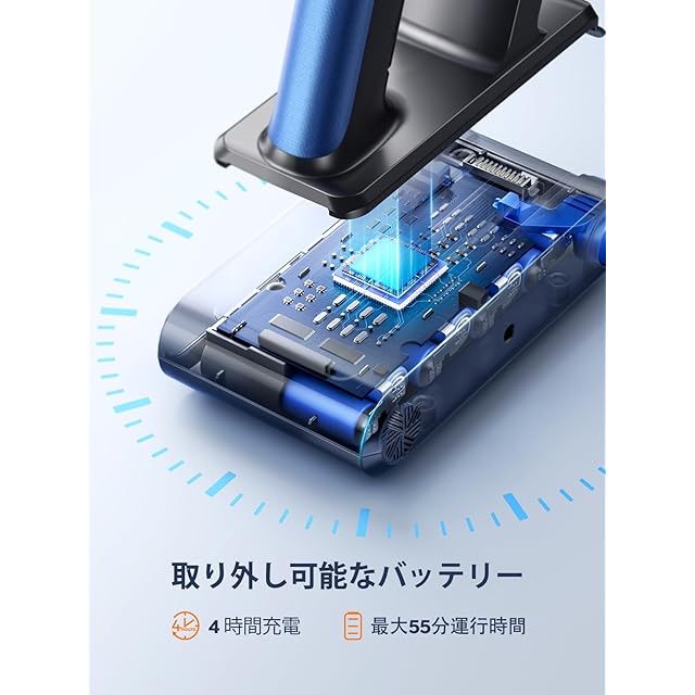 【着脱式バッテリー・4H充電で最長55Min稼働】このコードレス掃除機は7*2200mAhの大容量高密度の着脱式バッテリーを搭載、満充電後最長55分まで連続稼働可能!(最大吸引力の場合は15分になります。)家全体を一気に掃除できる!急速充電も可能、約4時間でフル充電できます。さらに、バッテリーは取り外し可能なので、複数のバッテリーを購入すれば、より長い時間の掃除も可能になります。1DKのひとり暮らし家から、一戸建ての家まで一気に掃除できます。
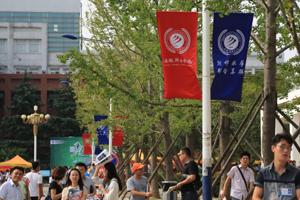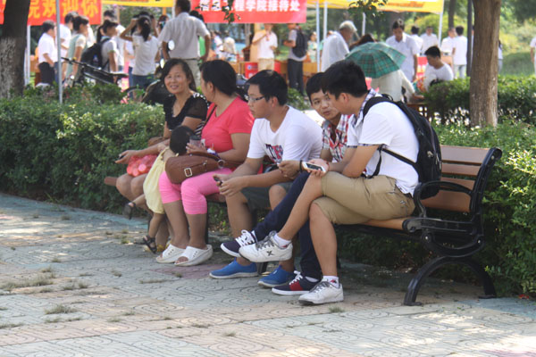 在这个阳光明媚的夏日里,2013级商学院财务管理专业的新生周旋,他的妈妈坐在上长椅上等待着孩子。周旋的妈妈在和记者的闲聊中这样说道:“从入校我就一直坐在这里等孩子报道回来,真的方便了我们这些陪送孩子报道的家长,重重的行李放在一旁,经过长途奔波,我们可以好好休息一下。”长椅就是新气象中的一项,简单、实用是它的特点。常春藤旗帜红蓝颜色的搭配显得庄严舒服,激活了校园的氛围。“厚德、求真、博学、创新”的校训醒人眼球。
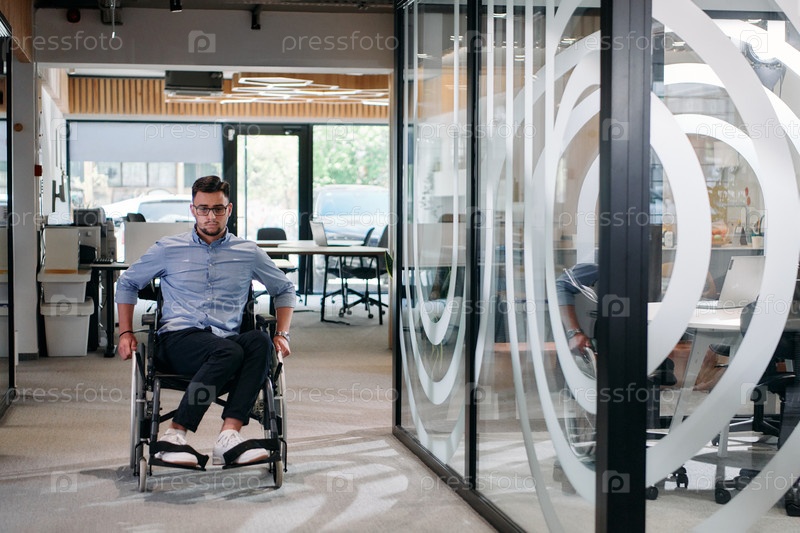 В крупной современной корпорации решительный бизнесмен в инвалидной коляске движется по коридору, олицетворяя расширение прав и возможностей и инклюзивность в корпоративном мире

_ _ _

▸ **The task**: All of the material must be repeated exactly in the answer, apart from the pictures.

▸ **Written solution**:
 【着脱式バッテリー・4H充電で最長55Min稼働】このコードレス掃除機は7*2200mAhの大容量高密度の着脱式バッテリーを搭載、満充電後最長55分まで連続稼働可能!(最大吸引力の場合は15分になります。)家全体を一気に掃除できる!急速充電も可能、約4時間でフル充電できます。さらに、バッテリーは取り外し可能なので、複数のバッテリーを購入すれば、より長い時間の掃除も可能になります。1DKのひとり暮らし家から、一戸建ての家まで一気に掃除できます。
 在这个阳光明媚的夏日里,2013级商学院财务管理专业的新生周旋,他的妈妈坐在上长椅上等待着孩子。周旋的妈妈在和记者的闲聊中这样说道:“从入校我就一直坐在这里等孩子报道回来,真的方便了我们这些陪送孩子报道的家长,重重的行李放在一旁,经过长途奔波,我们可以好好休息一下。”长椅就是新气象中的一项,简单、实用是它的特点。常春藤旗帜红蓝颜色的搭配显得庄严舒服,激活了校园的氛围。“厚德、求真、博学、创新”的校训醒人眼球。
 В крупной современной корпорации решительный бизнесмен в инвалидной коляске движется по коридору, олицетворяя расширение прав и возможностей и инклюзивность в корпоративном мире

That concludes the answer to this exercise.